ESPE2019 Poster Category 1 Multisystem Endocrine Disorders (13 abstracts)
A Novel DCAF17 Homozygous Mutation in a Girl with Woodhouse-Sakati Syndrome and its Role in the Endocrine Glands
Erdal Kurnaz 1 , Ayberk Türkyılmaz 2 , Oğuzhan Yaralı 2 , Berrin Demir 3 & Atilla Çayır 1
1Erzurum Regional Research and Training Hospital, Department of Pediatric Endocrinology, Erzurum, Turkey. 2Erzurum Regional Research and Training Hospital, Department of Medical Genetics, Erzurum, Turkey. 3Department of Radiology, Palandöken Hospital, Erzurum, Turkey
Background: 46,XX gonadal dysgenesis is a rare condition linked to delayed puberty, absence of spontaneous pubertal development, and primary amenorrhea related to hypergonadotropic hypogonadism (Hh). External genitalia are typically female with no ambiguity. Although ovarian development is an active process with multiple gene involvement, the genetic etiology of this condition is usually unknown. DCAF17 has recently been implicated in the development of both male and female gonads, thus resulting in hypogonadism. This condition represents one component of Woodhouse-Sakati syndrome (WSS), arising from mutations in the DCAF17 gene, an extremely unusual autosomal recessive disorder.
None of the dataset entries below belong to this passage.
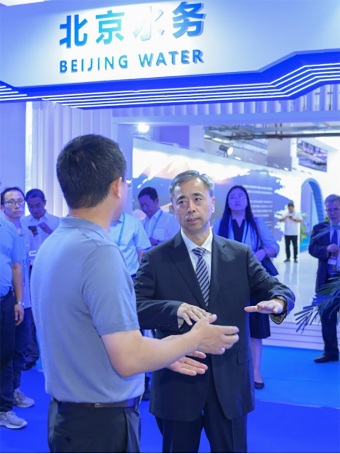 9月13日,水利部总规划师吴文庆参观北京水务展台,市水务局总规划师刘洪伟陪同介绍
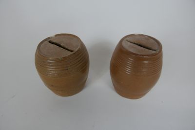Deux tire-lires en grès salé brun, en forme de tonnelets.
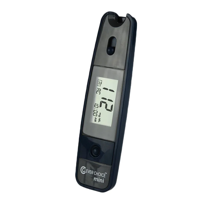 The Clever Choice Mini Meter Blue is a blood glucose meter used for self-testing blood sugar levels in people with diabetes.

Methods: A 16-year-old girl with consanguineous parents presented due to delayed puberty, absence of spontaneous pubertal development, and primary amenorrhea. Hypogonadism was present, in the form of Hh. Whole-exome sequencing was used to identify the genetic etiology underlying the hypogonadism.
Results: A novel homozygous variant c.1091+1G>A was detected in DCAF17. Both parents were sequenced and identified as heterozygous for the same mutation.
Conclusions: Various manifestations of WSS do not emerge until later in life, making diagnosis in pediatric cases particularly difficult, as in the present report. DCAF17 may also be implicated in the genetic etiology of 46,XX gonadal dysgenesis.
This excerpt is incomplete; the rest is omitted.